A+ Answers


1. Alice purchases a rental house on august 22 2014 for a cost of 174,000. of this amount 100,000 is considered to be allocable to the cost of the home, with the remaining 74,000 allocable to the cost of the land. what is alice's maximum depreciation deduction for 2014 using MACRS? : 2,373, 2,071, 1,364, 1,190, or 1,009.

2. an asset put in service in june 2014 has a depreciable basis 35,000 and a recovery period of 5 years. assuming no election to expense is made, and no bonus depreciation taken, what is the maximum amount of cost that can be deducted in 2014?: 5,833, 11,667, 7,000, or 35,000.

3. which of the following statements with respect to the depreciation of property under MACRS is incorrect ?:
in some cases tax payers places a significant amount of property in service during the last quarter of the year, real property must be depreciated using a mid quarter convention,
under the half year convention one half year of depreciation is allowed in the year the property is placed in service,
 salvage value is not used to compute MACRS tax depreciation, or
real property acquired after 1986 must be depreciated using the straightline method.

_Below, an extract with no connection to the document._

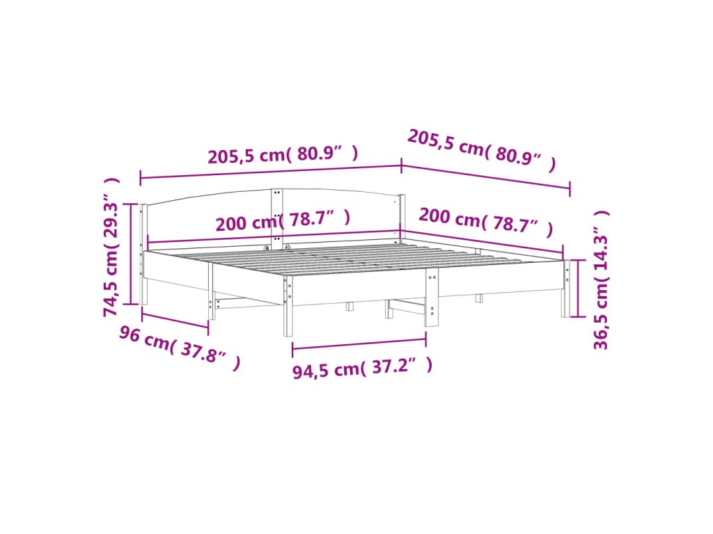 Postel bez matrace bílá 200 x 200 cm masivní borovice 3216189

4. assume that a taxpayer purchases a computer in 2014 that the tax payer thinks will last for 10 years. if the computer is used 100 percent for business and no election to expense under section 179 was made, what is MACRS recovery period that must be used for the cost recovery on the tax payers tax return?: 7 years, 5 years 10 years or 1 year.


5. on july 20 2014 kelli purchases office equipment at a cost of 13,000. kelli makes the election to expense under section 179 for 2014. she is self employed as an attorney, and in 2014 her business has a net income of 6,000 before considering this election to expense. kelli has no other income or expenses for the year. what is the maximum amount that kelli may deduct for 2014 for total depreciation, assuming she elects to expense the entire 13,000 purchase under section 179: 24,000,13,000, 6,000, or 3,000.

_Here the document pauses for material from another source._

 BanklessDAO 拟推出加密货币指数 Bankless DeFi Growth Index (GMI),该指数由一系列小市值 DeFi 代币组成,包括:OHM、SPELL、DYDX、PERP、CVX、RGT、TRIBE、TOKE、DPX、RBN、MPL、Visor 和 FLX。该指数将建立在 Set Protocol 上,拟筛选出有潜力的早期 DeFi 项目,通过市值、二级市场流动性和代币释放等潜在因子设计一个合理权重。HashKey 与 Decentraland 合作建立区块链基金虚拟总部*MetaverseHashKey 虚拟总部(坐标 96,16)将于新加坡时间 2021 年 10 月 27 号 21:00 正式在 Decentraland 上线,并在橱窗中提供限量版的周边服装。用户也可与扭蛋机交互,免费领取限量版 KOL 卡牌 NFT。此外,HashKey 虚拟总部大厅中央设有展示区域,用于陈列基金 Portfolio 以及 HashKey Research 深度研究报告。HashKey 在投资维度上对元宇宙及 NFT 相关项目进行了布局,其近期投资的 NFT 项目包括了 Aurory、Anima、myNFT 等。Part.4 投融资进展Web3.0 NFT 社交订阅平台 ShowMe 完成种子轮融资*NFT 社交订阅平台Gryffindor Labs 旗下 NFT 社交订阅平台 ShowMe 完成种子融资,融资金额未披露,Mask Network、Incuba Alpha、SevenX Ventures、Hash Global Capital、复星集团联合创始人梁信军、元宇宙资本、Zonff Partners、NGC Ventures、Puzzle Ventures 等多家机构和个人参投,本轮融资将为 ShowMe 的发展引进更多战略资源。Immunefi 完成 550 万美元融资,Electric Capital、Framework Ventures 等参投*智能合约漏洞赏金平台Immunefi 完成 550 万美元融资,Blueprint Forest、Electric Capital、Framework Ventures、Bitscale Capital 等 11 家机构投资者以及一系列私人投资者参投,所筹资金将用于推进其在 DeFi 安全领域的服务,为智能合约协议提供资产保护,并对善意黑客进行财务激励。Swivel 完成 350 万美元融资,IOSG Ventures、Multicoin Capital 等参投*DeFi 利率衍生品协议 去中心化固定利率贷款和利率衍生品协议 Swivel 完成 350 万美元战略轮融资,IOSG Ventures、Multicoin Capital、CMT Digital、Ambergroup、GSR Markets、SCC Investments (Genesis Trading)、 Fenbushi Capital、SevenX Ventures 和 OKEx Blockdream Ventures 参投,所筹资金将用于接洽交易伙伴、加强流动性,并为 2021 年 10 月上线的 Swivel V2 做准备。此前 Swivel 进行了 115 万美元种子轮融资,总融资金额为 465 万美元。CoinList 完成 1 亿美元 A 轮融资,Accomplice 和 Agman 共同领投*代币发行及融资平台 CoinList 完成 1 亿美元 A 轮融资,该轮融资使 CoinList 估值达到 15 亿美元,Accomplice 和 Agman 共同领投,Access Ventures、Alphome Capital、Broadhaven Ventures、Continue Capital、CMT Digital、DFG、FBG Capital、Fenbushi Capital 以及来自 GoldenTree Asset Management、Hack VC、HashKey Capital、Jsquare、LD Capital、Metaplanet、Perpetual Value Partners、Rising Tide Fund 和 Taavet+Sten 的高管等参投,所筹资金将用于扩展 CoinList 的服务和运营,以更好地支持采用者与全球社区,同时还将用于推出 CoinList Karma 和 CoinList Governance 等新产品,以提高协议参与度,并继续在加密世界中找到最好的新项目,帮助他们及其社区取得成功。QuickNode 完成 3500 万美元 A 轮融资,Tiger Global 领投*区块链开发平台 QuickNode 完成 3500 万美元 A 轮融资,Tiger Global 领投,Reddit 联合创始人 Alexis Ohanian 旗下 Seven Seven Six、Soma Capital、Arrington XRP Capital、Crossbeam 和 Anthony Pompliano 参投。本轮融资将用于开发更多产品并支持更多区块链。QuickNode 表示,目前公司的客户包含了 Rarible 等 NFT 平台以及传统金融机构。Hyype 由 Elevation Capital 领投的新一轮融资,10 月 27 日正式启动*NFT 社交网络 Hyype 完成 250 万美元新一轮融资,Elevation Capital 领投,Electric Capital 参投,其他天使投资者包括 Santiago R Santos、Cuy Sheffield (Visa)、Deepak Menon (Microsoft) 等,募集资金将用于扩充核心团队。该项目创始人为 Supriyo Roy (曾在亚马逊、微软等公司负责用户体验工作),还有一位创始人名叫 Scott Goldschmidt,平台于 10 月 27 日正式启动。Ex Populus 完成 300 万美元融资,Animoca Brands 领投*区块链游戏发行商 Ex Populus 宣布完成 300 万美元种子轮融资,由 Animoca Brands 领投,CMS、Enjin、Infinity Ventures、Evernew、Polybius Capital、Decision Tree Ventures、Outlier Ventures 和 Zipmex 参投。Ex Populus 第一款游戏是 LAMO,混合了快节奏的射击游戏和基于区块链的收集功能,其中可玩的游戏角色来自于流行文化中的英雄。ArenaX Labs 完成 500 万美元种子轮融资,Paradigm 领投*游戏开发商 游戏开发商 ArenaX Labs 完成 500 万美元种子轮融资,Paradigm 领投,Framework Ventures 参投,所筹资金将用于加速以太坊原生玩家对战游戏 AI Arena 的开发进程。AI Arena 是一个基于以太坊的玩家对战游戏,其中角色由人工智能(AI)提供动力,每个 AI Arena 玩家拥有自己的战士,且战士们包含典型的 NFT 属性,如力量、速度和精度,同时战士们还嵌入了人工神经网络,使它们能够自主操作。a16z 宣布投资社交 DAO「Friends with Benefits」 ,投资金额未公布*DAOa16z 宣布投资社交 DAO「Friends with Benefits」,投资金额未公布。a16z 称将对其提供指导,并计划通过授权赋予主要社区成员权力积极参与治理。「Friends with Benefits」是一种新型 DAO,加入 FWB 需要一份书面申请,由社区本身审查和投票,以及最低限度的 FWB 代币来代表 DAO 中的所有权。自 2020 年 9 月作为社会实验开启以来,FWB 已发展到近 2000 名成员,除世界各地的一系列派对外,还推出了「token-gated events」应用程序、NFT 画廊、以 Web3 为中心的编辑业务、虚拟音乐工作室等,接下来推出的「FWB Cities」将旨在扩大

6. which of the following is not considered listed property for purposes of determing the tax payers depreciation deduction ?

a computer used exclusively by the taxpayer for managing investment portfolio,
an automobile used 40 percent by an employee in providing services to his employer,
a computer used by a bank representative on the bank premises in performing services as an employee, or
a computer used by a taxpayer 40 percent in managing her investment portfolio and 20 percent in her business as an accountant.

7. the amortization for section 197 intangible is 7, 5, 15, or 10 years.



8. joe sold stock to rose for 13,000 its fair market value. the stock cost joe 16,000 5 years ago. also joe sold earl (an unrelated party ) stock for 6,500 that cost 7,500 3 years ago. rose and joe are brother and sister. what is joes recognized loss for these two transactions: 3,000,6,500, 1000, 4000, or 0.